▶ **Aim of the task**
Take the lines below from the one with "kan trekkes over" through the one with "In this chic" and retype them exactly. Include nothing else, and no pictures.

Source records section start

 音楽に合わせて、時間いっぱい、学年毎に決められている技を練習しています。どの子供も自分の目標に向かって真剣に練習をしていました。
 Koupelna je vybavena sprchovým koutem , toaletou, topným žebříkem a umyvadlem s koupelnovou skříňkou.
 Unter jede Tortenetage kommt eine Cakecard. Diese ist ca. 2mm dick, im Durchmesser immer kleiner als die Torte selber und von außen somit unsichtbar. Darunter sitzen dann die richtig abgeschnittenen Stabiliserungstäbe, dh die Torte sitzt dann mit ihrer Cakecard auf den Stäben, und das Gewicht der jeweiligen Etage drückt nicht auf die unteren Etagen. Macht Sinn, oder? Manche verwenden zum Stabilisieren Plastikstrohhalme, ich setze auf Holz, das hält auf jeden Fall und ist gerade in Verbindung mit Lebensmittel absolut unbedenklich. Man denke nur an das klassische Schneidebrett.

Source records section end
Source records section start

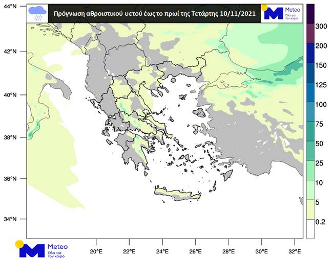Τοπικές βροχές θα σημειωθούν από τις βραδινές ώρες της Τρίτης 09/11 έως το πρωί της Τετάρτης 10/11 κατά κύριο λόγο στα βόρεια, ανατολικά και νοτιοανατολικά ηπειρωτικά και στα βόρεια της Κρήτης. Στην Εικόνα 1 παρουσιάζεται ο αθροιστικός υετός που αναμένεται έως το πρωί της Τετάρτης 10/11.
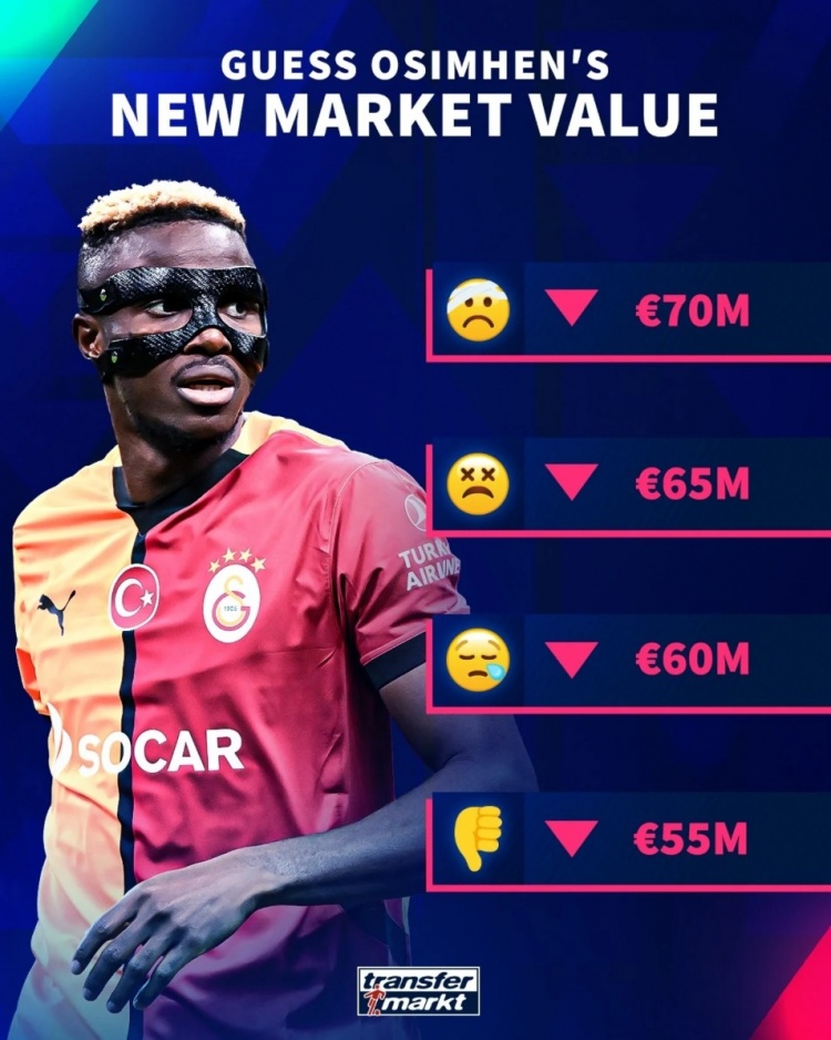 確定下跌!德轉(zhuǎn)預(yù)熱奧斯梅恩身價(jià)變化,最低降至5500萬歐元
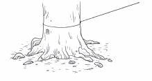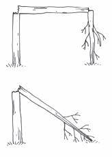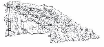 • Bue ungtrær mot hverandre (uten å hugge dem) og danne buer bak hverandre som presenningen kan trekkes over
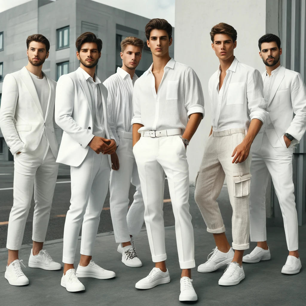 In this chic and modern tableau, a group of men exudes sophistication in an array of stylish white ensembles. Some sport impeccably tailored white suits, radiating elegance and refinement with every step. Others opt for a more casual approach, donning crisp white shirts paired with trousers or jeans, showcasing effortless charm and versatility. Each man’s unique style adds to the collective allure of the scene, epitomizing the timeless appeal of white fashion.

Source records section end

▶ **Worked solution**
 • Bue ungtrær mot hverandre (uten å hugge dem) og danne buer bak hverandre som presenningen kan trekkes over
 In this chic and modern tableau, a group of men exudes sophistication in an array of stylish white ensembles. Some sport impeccably tailored white suits, radiating elegance and refinement with every step. Others opt for a more casual approach, donning crisp white shirts paired with trousers or jeans, showcasing effortless charm and versatility. Each man’s unique style adds to the collective allure of the scene, epitomizing the timeless appeal of white fashion.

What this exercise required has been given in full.